--- LISTED ENTRIES ---

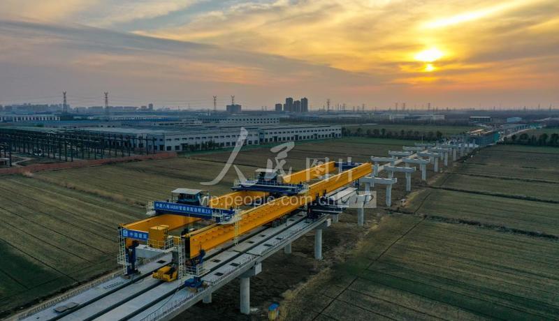 2023年2月21日,在江苏省宿迁市盐洛高速公路宿城至泗洪段工程一施工现场,大型智能造桥机正在安装箱梁。
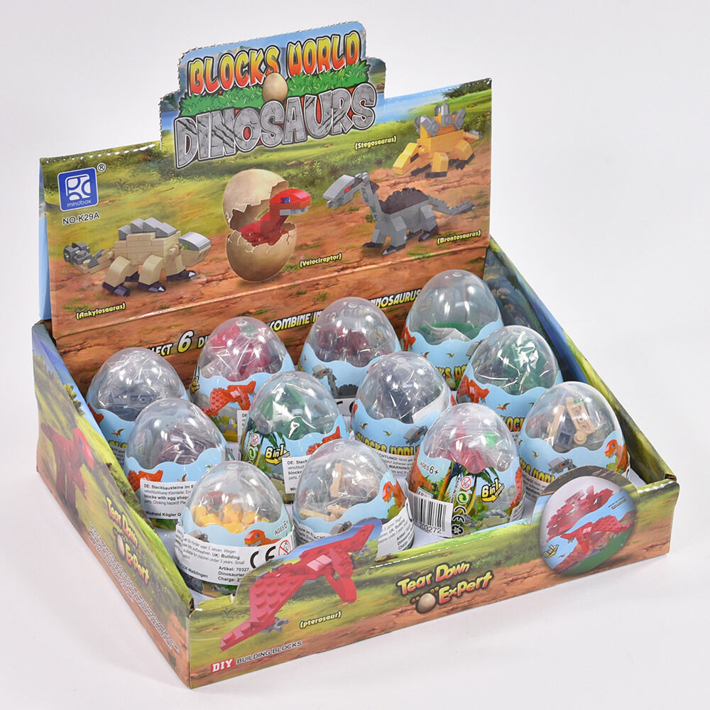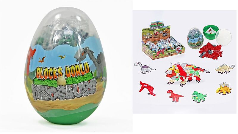 Grösse Ei: 5,5 x 5,5 x 8cm Material: Kunststoff 1 Dino-Baustein-Set im Ei aus 6 einzelnen Bausätzen lässt sich ein toller, grosser Dino zusammenbauen. Modell kann nicht gewählt werden, kommt nach Verfügbarkeit. Preis pro Ei
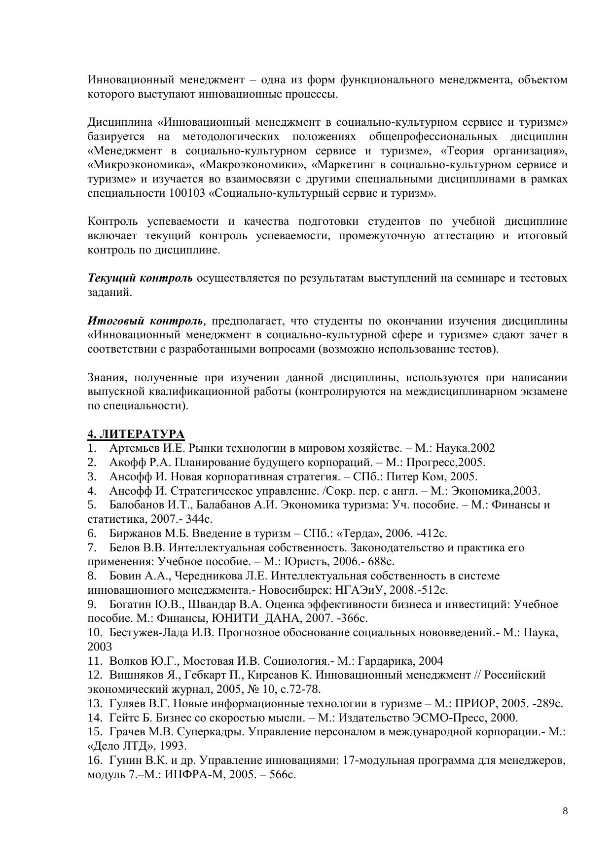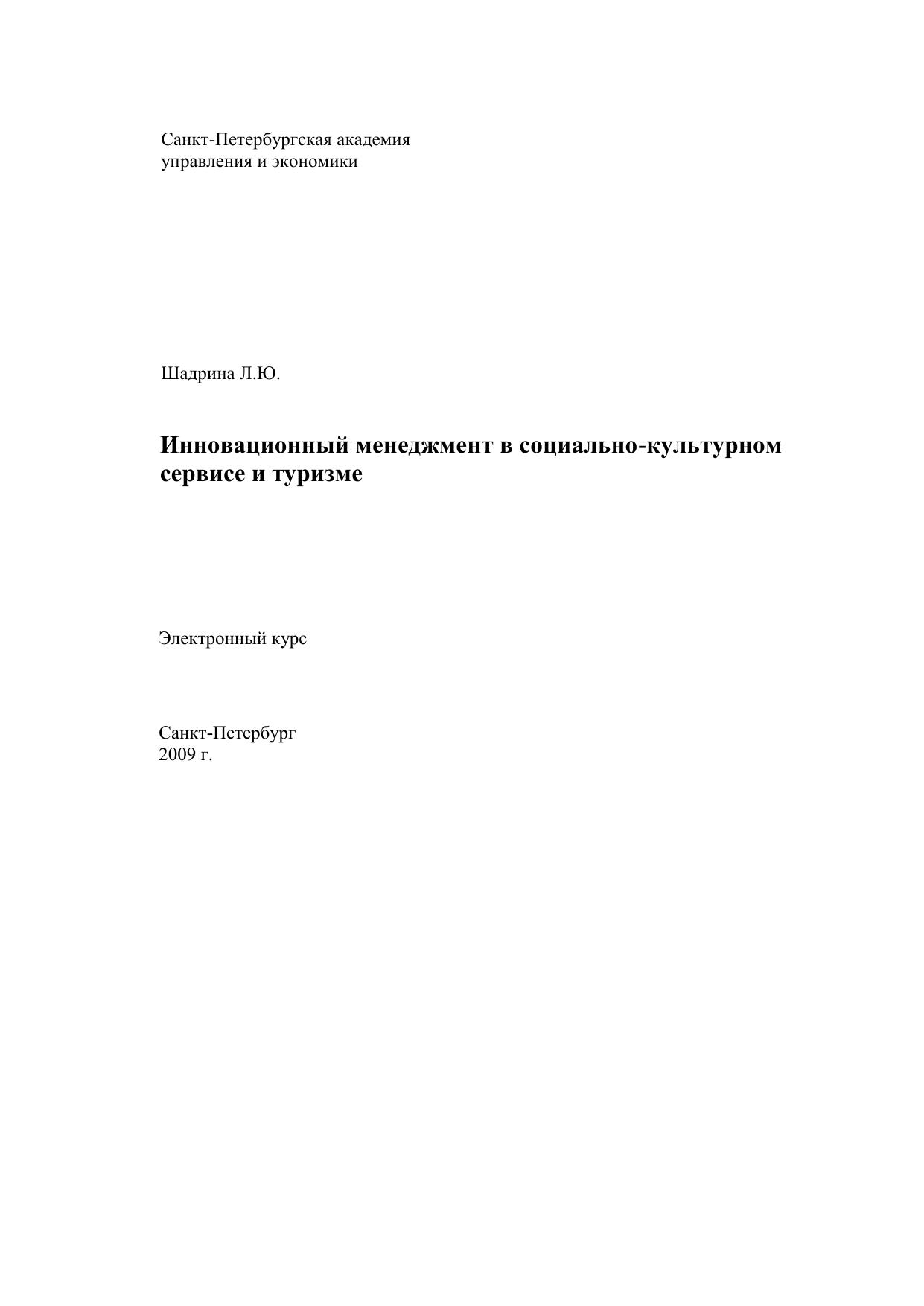 Инновационный менеджмент в социально-культурном сервисе и туризме: Электронное учебное пособие
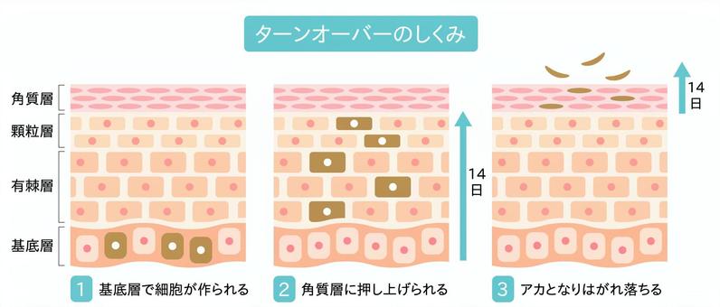 肌は約28日周期で生まれ変わります(ターンオーバー)。
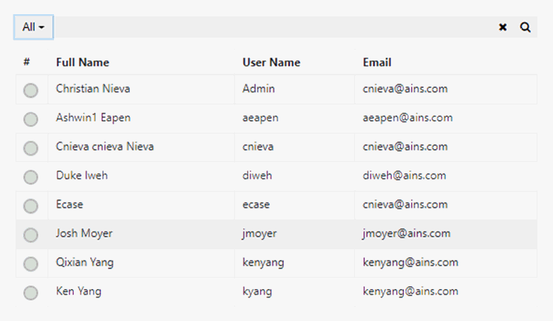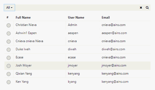 Click the Search icon to search for a user to serve as an alternate. An additional pop up window appears, displaying a list of the eligible assignees.
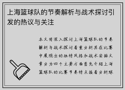 上海篮球队的节奏解析与战术探讨引发的热议与关注
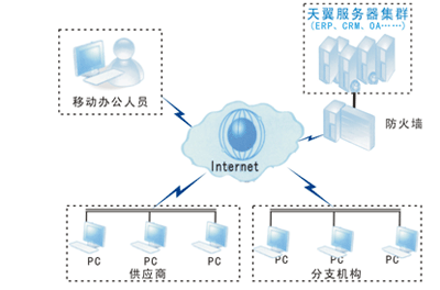 采用瑞友天翼应用接入系统,把各销售中心和总部生产制造中心连接在一个系统平台上,资源共享,原来各自独立的ERP、CRM、SCM、OA等系统,现在可以在一个系统里进行交换,而网络费用只有以前的1/8甚至更低,并实现在3kb/s的传输速率下流畅运行,大大降低了制造企业网络的投入成本。原来领导和员工外出办公,通过Modem拔号接入到办公网,速度很慢。使用瑞友天翼应用接入系统后,可通过WLAN、CDMA、GPRS等任意的上网方式接入企业网,无时间地点限制连接到公司瑞友天翼服务器群组,及时了解库存、生产、销售等等情况,提高了工作效率。
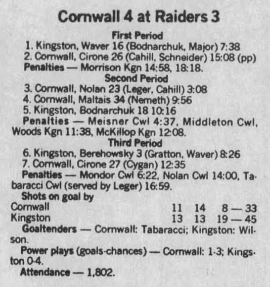 October 7 1988- Cornwall @ Kingston
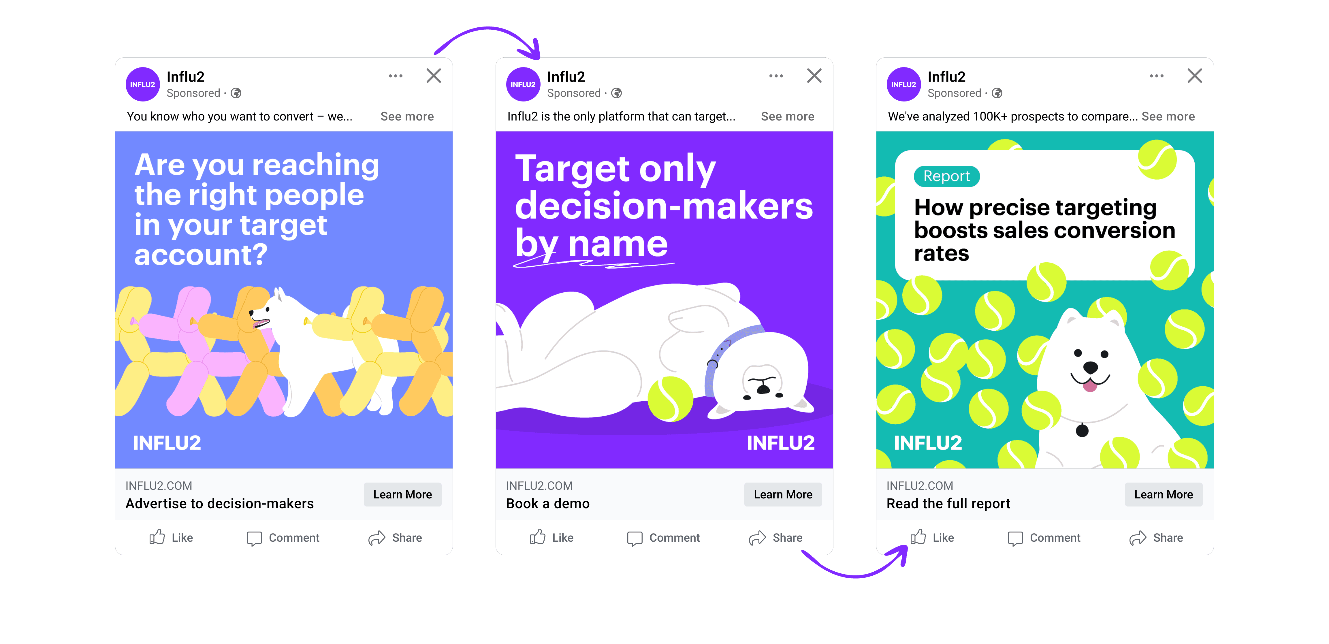 The traditional ABM platforms allow you to move entire accounts through the journey. But if the goal is to provide a personalized ad experience to each buyer, this approach simply won’t do. As a contact-level ABM engine, Influ2 shows ads to specific people. This means that you can create custom journeys for different groups and automate ads swap for each person.
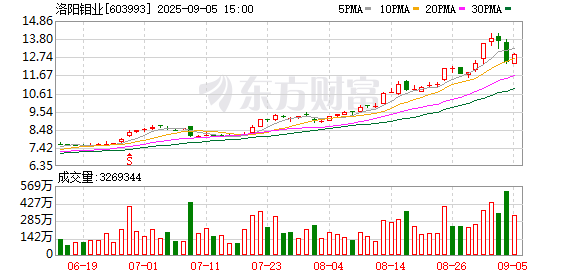 洛阳钼业方面向记者表示,今年上半年,公司实现高质量发展。矿山端营业收入为394.02亿元,同比增长25.64%,实现历史新高,占整体营业收入的比例约42%,较2024年和2023年同期分别提高11个和28个百分点。
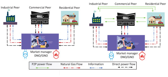 The energy market is Full P2P, Community-based P2P, and Hybrid P2P [18]. Without an intermediary, P2P market players engage directly with each other. The community-based P2P market features a community manager to manage trading operations. In a hybrid P2P market, both P2P and community-based transactions are available (as shown in Figure 5). Bidirectional information and power flow are achievable with high-speed communication and data measurements in TE’s market-clearing system.
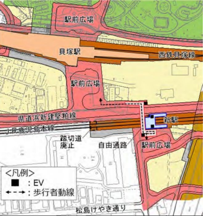 JR貝塚駅の整備にあわせて、駅周辺では交通環境の改善も進められます。新駅付近にある市道箱崎157号線の踏切は廃止され、その代替として南北を結ぶ自由通路が新設される計画です。自由通路は延長約50m、有効幅員5mで、屋根付き・24時間通行可能とされ、自転車の通行にも対応します。
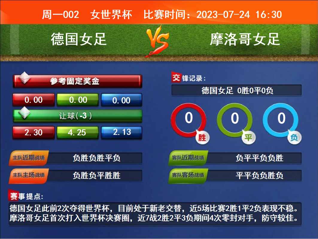 比賽時(shí)間:2023-07-24 16:30賽事提點(diǎn):德國女足此前2次奪得世界杯,目前處于新老交替,近5場比賽2勝1平2負(fù)表現(xiàn)不穩(wěn)。摩洛哥女足首次打入世界杯決賽圈,近7戰(zhàn)2勝2平3負(fù)期間4次零封對(duì)手,防守較佳。

---

Each line of the data above should be reproduced without alteration, and no picture should appear in the copy.

 2023年2月21日,在江苏省宿迁市盐洛高速公路宿城至泗洪段工程一施工现场,大型智能造桥机正在安装箱梁。
 Grösse Ei: 5,5 x 5,5 x 8cm Material: Kunststoff 1 Dino-Baustein-Set im Ei aus 6 einzelnen Bausätzen lässt sich ein toller, grosser Dino zusammenbauen. Modell kann nicht gewählt werden, kommt nach Verfügbarkeit. Preis pro Ei
 Инновационный менеджмент в социально-культурном сервисе и туризме: Электронное учебное пособие
 肌は約28日周期で生まれ変わります(ターンオーバー)。
 Click the Search icon to search for a user to serve as an alternate. An additional pop up window appears, displaying a list of the eligible assignees.
 上海篮球队的节奏解析与战术探讨引发的热议与关注
 采用瑞友天翼应用接入系统,把各销售中心和总部生产制造中心连接在一个系统平台上,资源共享,原来各自独立的ERP、CRM、SCM、OA等系统,现在可以在一个系统里进行交换,而网络费用只有以前的1/8甚至更低,并实现在3kb/s的传输速率下流畅运行,大大降低了制造企业网络的投入成本。原来领导和员工外出办公,通过Modem拔号接入到办公网,速度很慢。使用瑞友天翼应用接入系统后,可通过WLAN、CDMA、GPRS等任意的上网方式接入企业网,无时间地点限制连接到公司瑞友天翼服务器群组,及时了解库存、生产、销售等等情况,提高了工作效率。
 October 7 1988- Cornwall @ Kingston
 The traditional ABM platforms allow you to move entire accounts through the journey. But if the goal is to provide a personalized ad experience to each buyer, this approach simply won’t do. As a contact-level ABM engine, Influ2 shows ads to specific people. This means that you can create custom journeys for different groups and automate ads swap for each person.
 洛阳钼业方面向记者表示,今年上半年,公司实现高质量发展。矿山端营业收入为394.02亿元,同比增长25.64%,实现历史新高,占整体营业收入的比例约42%,较2024年和2023年同期分别提高11个和28个百分点。
 The energy market is Full P2P, Community-based P2P, and Hybrid P2P [18]. Without an intermediary, P2P market players engage directly with each other. The community-based P2P market features a community manager to manage trading operations. In a hybrid P2P market, both P2P and community-based transactions are available (as shown in Figure 5). Bidirectional information and power flow are achievable with high-speed communication and data measurements in TE’s market-clearing system.
 JR貝塚駅の整備にあわせて、駅周辺では交通環境の改善も進められます。新駅付近にある市道箱崎157号線の踏切は廃止され、その代替として南北を結ぶ自由通路が新設される計画です。自由通路は延長約50m、有効幅員5mで、屋根付き・24時間通行可能とされ、自転車の通行にも対応します。
 比賽時(shí)間:2023-07-24 16:30賽事提點(diǎn):德國女足此前2次奪得世界杯,目前處于新老交替,近5場比賽2勝1平2負(fù)表現(xiàn)不穩(wěn)。摩洛哥女足首次打入世界杯決賽圈,近7戰(zhàn)2勝2平3負(fù)期間4次零封對(duì)手,防守較佳。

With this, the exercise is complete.